Assignment: Transcribe exactly the lines below that begin at the line with "Không đèn; D22, D25;" and stop after the line with "Doch wie viele", leaving out every picture.

Information:
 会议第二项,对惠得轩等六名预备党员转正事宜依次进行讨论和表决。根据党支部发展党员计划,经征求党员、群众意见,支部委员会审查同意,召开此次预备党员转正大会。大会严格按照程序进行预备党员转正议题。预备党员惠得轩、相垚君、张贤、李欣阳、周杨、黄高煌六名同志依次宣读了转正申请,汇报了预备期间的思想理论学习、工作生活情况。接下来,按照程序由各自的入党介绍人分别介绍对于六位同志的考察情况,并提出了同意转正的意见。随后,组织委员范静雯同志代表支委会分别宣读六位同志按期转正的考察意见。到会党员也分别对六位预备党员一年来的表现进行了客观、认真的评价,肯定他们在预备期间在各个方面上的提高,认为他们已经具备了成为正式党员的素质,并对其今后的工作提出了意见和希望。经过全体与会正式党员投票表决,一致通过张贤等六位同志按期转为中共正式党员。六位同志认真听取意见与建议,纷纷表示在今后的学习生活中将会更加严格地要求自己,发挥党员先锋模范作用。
==
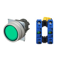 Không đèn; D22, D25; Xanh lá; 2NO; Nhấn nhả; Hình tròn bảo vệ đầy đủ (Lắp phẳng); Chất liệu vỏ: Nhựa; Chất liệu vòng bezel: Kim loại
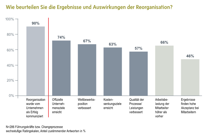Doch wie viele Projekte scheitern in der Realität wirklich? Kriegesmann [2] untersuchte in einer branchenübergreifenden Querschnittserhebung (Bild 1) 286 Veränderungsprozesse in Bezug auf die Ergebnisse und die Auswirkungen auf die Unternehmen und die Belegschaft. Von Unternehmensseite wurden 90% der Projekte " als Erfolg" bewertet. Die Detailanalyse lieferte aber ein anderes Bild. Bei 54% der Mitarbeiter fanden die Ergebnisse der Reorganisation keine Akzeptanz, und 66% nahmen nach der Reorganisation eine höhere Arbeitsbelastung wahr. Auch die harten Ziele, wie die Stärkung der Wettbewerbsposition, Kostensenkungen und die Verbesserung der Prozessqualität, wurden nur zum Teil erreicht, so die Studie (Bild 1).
...
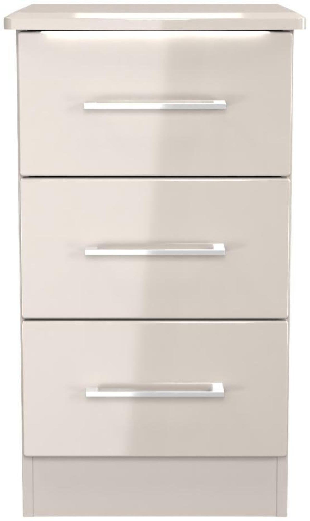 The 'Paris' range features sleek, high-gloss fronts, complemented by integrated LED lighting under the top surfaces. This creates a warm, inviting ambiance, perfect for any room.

Result:
 Không đèn; D22, D25; Xanh lá; 2NO; Nhấn nhả; Hình tròn bảo vệ đầy đủ (Lắp phẳng); Chất liệu vỏ: Nhựa; Chất liệu vòng bezel: Kim loại
Doch wie viele Projekte scheitern in der Realität wirklich? Kriegesmann [2] untersuchte in einer branchenübergreifenden Querschnittserhebung (Bild 1) 286 Veränderungsprozesse in Bezug auf die Ergebnisse und die Auswirkungen auf die Unternehmen und die Belegschaft. Von Unternehmensseite wurden 90% der Projekte " als Erfolg" bewertet. Die Detailanalyse lieferte aber ein anderes Bild. Bei 54% der Mitarbeiter fanden die Ergebnisse der Reorganisation keine Akzeptanz, und 66% nahmen nach der Reorganisation eine höhere Arbeitsbelastung wahr. Auch die harten Ziele, wie die Stärkung der Wettbewerbsposition, Kostensenkungen und die Verbesserung der Prozessqualität, wurden nur zum Teil erreicht, so die Studie (Bild 1).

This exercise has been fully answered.